My research as infectious The epidemiologist has found that there is a simple strategy to mitigate emerging outbreaks: proactive, real-time surveillance in environments where disease overflow between humans is more likely to occur.

In other words, don’t expect sick people to show up at a hospital. Instead, control the populations where the disease actually spills.

The current pandemic prevention strategy

World health professionals have long known that pandemics feed off spill of zoonotic disease, or the transmission of diseases between animals and humans, were a problem. In 1947, the World Health Organization established a worldwide network of hospitals in detect pandemic threats through a process called syndromic surveillance. The process is based on standardized symptom checklists to look for signs of emerging or re-emerging diseases of potential among patient populations with symptoms that cannot be easily diagnosed.

This clinical strategy is based on both the arrival of infected people sentinel hospitals and the medical authorities that are influential and persistent enough to sound the alarm.

There is only one problem: when someone sick shows up at a hospital, an outbreak has already occurred. In the event that SARS-CoV-2, the virus that causes COVID-19, probably spread long before it was detected. This time, we have only failed the clinical strategy.






Sentinel surveillance recruits select health care institutions and groups to control possible disease outbreaks.

The overflow of zoonotic disease is not a fact

One more it is currently gaining prominence in the world of pandemic prevention: viral evolutionary theory. This theory suggests that animal viruses become dangerous human viruses incrementally over time through frequent zoonotic spillage.

This is not a single agreement: it may be necessary for an “intermediate” animal such as a civet cat, a pangolin, or a pig to mutate the virus so that it can make initial jumps in people. But the final host that allows a variant to fully adapt to humans may be themselves.

Viral evolutionary theory is developed in real time with the rapid development of COVID-19 variants. In fact, an international team of scientists has proposed that undetected transmission from one man to another after a jump from one animal to another is likely. origin of SARS-CoV-2.
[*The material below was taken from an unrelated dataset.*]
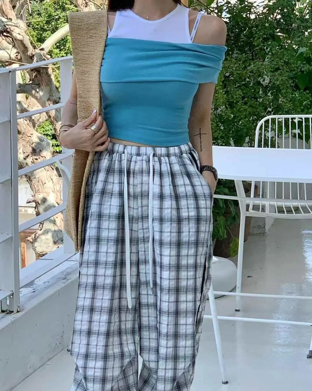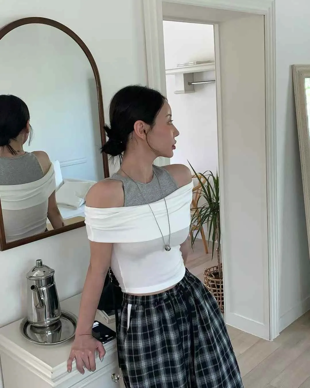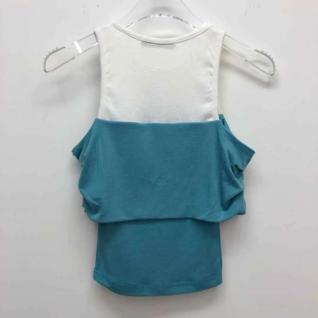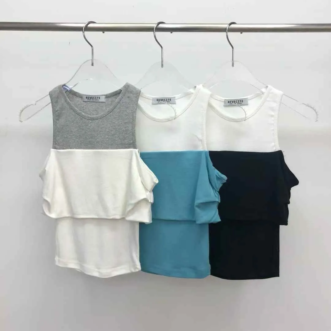 25FL01 假兩件背心拚色平口上衣 3色

When new outbreaks of zoonotic viral diseases such as Ebola first came to global attention in the 1970s, research on the extent of disease transmission was based on antibody assays, blood tests to identify people who have already been infected. Antibody surveillance, also called serious survey, test blood samples from target populations to identify how many people have become infected. Serous surveys help determine if diseases like Ebola are circulating undetected.

It turns out that they were: antibodies against Ebola were found in more than 5% of people tested in Liberia in 1982, decades before the West African epidemic in 2014. These results support viral evolutionary theory: it takes time (sometimes a long time) to make an animal virus dangerous and transmissible among humans.

This also means that scientists have the opportunity to intervene.






Viruses jump species through a process of random mutations that allow them to successfully infect their hosts.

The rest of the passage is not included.